К концу обеда, когда подали кофе и пахлаву, мне удалось убедить их, что я знаю своё дело. Директор обещал написать рекомендательное письмо богатому американскому армянину — торговцу коврами.
— И дам тебе на французском хорошую характеристику для вашего колледжа, — прибавил он.
— Вы уже дали мне характеристику на французском, — напомнил я ему. Она была у меня в кармане, и я её показал.
— Ах, эта! Да это же ерунда. — Он с извиняющейся улыбкой повернулся к редактору: — Когда я её подписывал, не знал, что Завен умеет писать такие стихи.
— Ему остаётся только подрасти и обогатить свою лиру новыми струнами, — сказал редактор, убеждённый в том, что я «прирождённый поэт».
Я усмехнулся про себя. Но вся эта комедия не переставала тревожить меня. Я открыл было рот, чтобы признаться в обмане, но не смог.
Остаток дня я провёл с редактором. Он подарил мне две свои книги. Мы сроднились, как отец и сын.
Возвращаясь в приют, я поднялся на холм, простирающийся от Галаты до Пера. Солнце истекало кровью над минаретами Айа-Софии, подобно истерзанному сердцу Господа. Я напевал про себя симфонию — некую смесь Шопена, Баха, Бетховена, Вагнера и Римского-Корсакова. Вот уже несколько лет я напевал большие симфонии — они приходили и уходили подобно ветру. С болью в сердце я вдруг вспомнил, что дядя Арутюн тоже ездил за границу изучать земледелие, что и он был поэтом и так и умер в безвестности от туберкулёза. Петрос Дурян тоже пал жертвой этой жестокой болезни.
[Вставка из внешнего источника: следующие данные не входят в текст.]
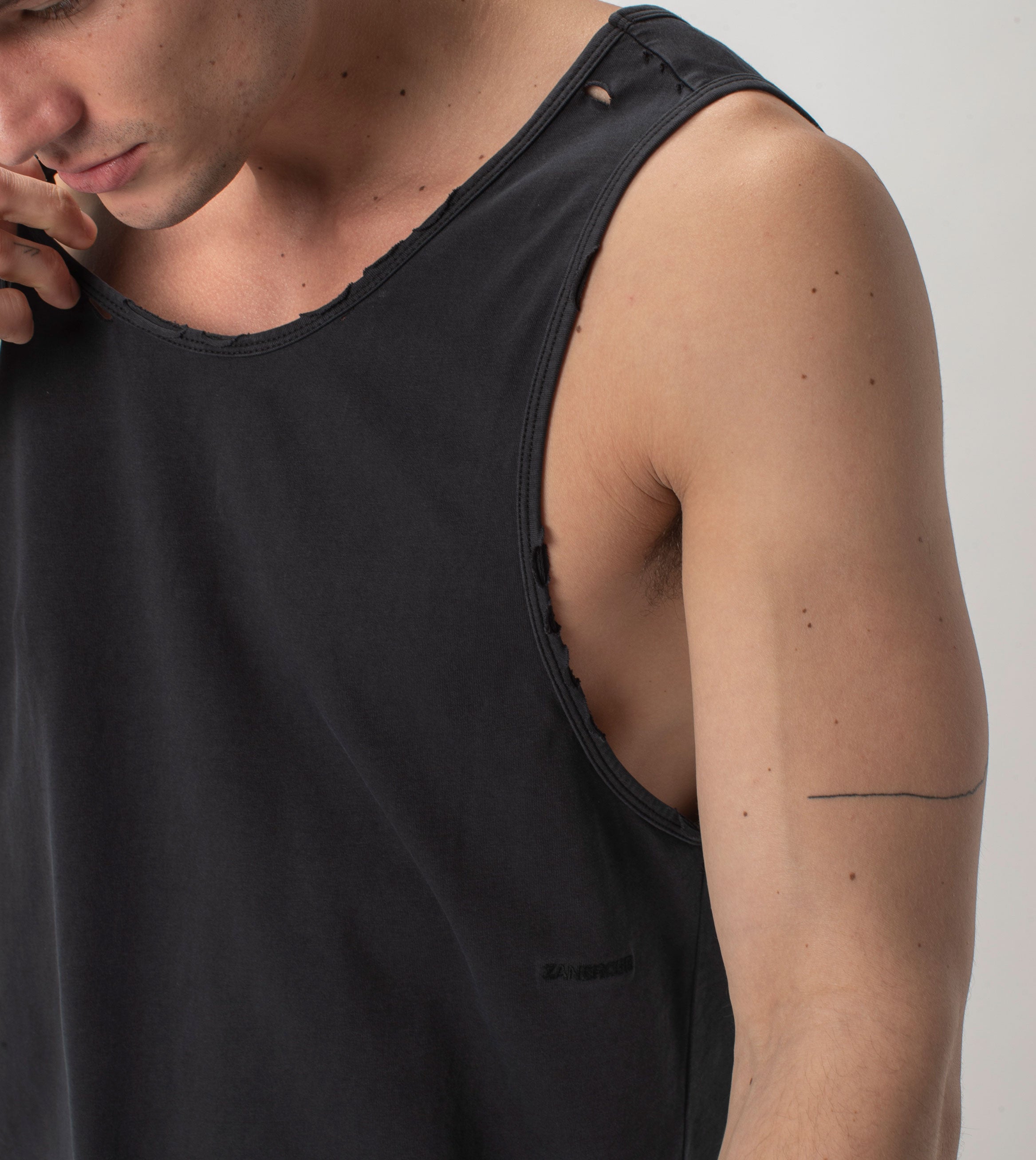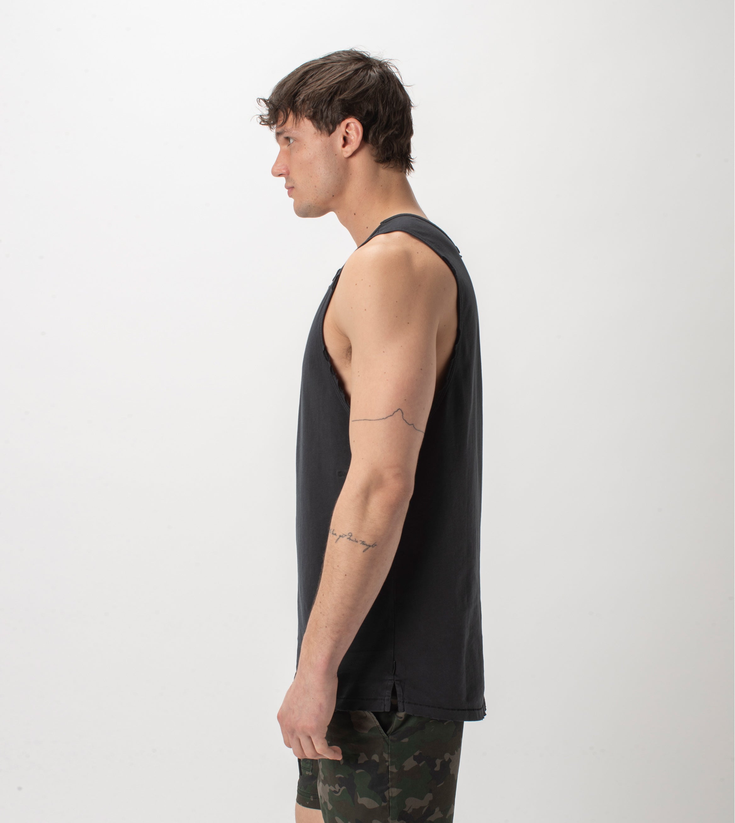 The ZANEROBE Ripped Rugger Tank in GD Black - Signature relaxed Tee, we wear with our classic Sureshot Fleece Joggers.

Она сгубила многих наших поэтов. А вдруг я обрекаю себя на ту же участь, хотя я всего лишь играю в поэзию? Страшно подумать!
Я остановился на мгновение и посмотрел на пару тополей, колышущихся на ветру. В их листьях отражался блеск византийского солнца. Мне нравились тополя, благородные деревья, поэты среди деревьев. Глазам предстали трапезундсиие тополя, белые и чистые после прошедшего дождя. Затем живая картина похорон поэта.
46
Ке д’Орсе — утёс на Сене в Париже, прямо напротив здания Министерства иностранных дел, отсюда и условное название французского министерства иностранных дел. (Примечание И. Карумян).